The question asks about the energy released during the reaction of 52.0 g of ethylene. To find the energy released, we’ll need to calculate the enthalpy change for this reaction.
To calculate the energy released during the reaction of 52.0 g of ethylene (C2H4), we first need to write the balanced chemical equation for the combustion of ethylene:
C2H4 + 3O2 -> 2CO2 + 2H2O
Next, we need to calculate the molar mass of C2H4:
C: 12.01 g/mol
H: 1.01 g/mol
Molar mass of C2H4 = 2(12.01 g/mol) + 4(1.01 g/mol) = 28.05 g/mol
Now, we need to calculate the moles of ethylene in 52.0 g:
Moles = 52.0 g / 28.05 g/mol = 1.85 mol
Next, we need to use the enthalpy of formation values to determine the change in enthalpy for the reaction.
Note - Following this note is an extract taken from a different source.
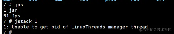 在以openjdk:8-jdk-alpine为镜像基础打包生成的应用中,进入容器内,执行jstack命令时出现Unable to get pid of LinuxThreads manager thread 的错误。
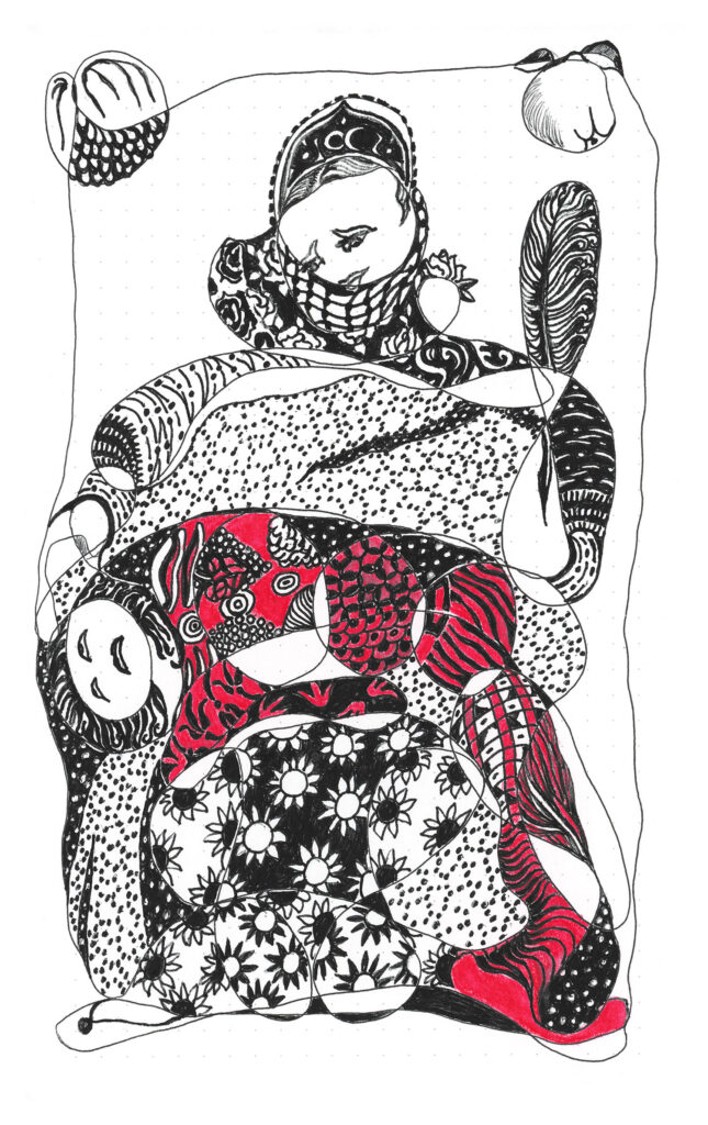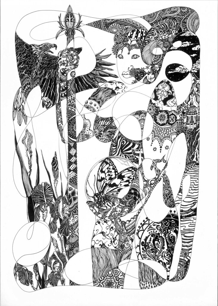 5. How do the themes of gender research and creation myths influence the figures that appear in your collages and drawings.

The enthalpy of formation values are:
ΔHf(C2H4) = 52.5 kJ/mol
ΔHf(CO2) = -393.5 kJ/mol
ΔHf(H2O) = -285.8 kJ/mol
Using these values, we can calculate the change in enthalpy for the reaction:
ΔH = ΣΔHf(products) - ΣΔHf(reactants)
ΔH = [2(-393.5 kJ/mol) + 2(-285.8 kJ/mol)] - [1(52.5 kJ/mol) + 3(0 kJ/mol)]
ΔH = -1278.2 kJ/mol
Now, we can calculate the energy released during the reaction of 52.0 g of ethylene:
Energy released = moles of C2H4 * ΔH
Energy released = 1.85 mol * -1278.2 kJ/mol = -2364.27 kJ
Therefore, the energy released during the reaction of 52.0 g of ethylene is -2364.27 kJ.